Species of amphibian

The black-bellied slender salamander (Batrachoseps nigriventris) is a small species of salamander that is endemic to California.

==Distribution==
This salamander prefers California chaparral and woodlands habitats of Coast live oak - Quercus agrifolia and California sycamore - Platanus racemosa.

==Description==
The black-bellied slender salamander is about 3.1 to 4.3 cm long. It has a worm-like body, a small head and small limbs, and a long cylindrical tail, often twice the length of its body.

The black-bellied slender salamander can have a black, tan, reddish, brown or beige dorsum often with a contrasting broad mid-dorsal stripe of similar colors. It has a purplish or black venter with fine light speckling over the entire surface.

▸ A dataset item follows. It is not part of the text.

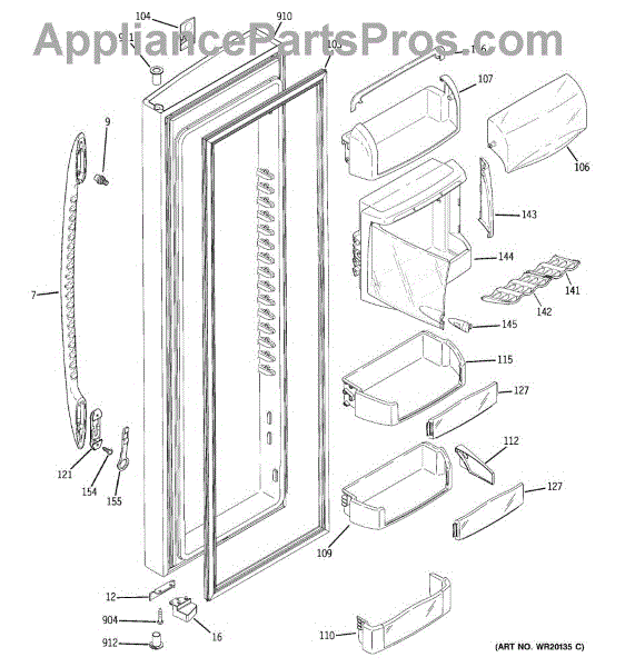 The Refrigerator Door Gasket is an OEM part for GE refrigerators. This gasket forms a seal around the refrigerator door, preventing warm air from entering and cool air from escaping, thereby ensuring optimal cooling efficiency.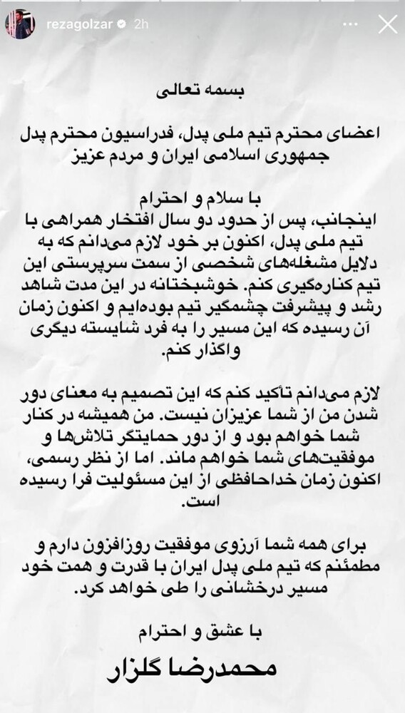 به گزارش پایگاه خبری پیام خانواده؛ محمدرضا گلزار که حدود دو سال پیش به عنوان سرپرست تیم ملی پدل ایران انتخاب شد امروز از سمت خود استعفا کرد. پدل زیر نظر فدراسیون تنیس فعالیت میکند و گلزار که در این رشته فعالیت میکرد به عنوان سرپرست تیم ملی انتخاب شد.

This species will coil its body and tail when handled; it is fragile and easily injured. Batrachoseps nigriventis looks similar to the related species Batrachoseps pacificus and Batrachoseps gabrieli.

== Reproduction ==
These salamanders reproduce by laying eggs, which are usually buried underground and thus rarely seen.

== Food web ==
The diet of the black-bellied salamander is poorly documented but is probably similar to the diet of the garden slender salamander, which includes worms, larva, small terrestrial arthropods and mollusks. Potential predators include gray foxes, skunks, raccoons, skinks, and ringtails.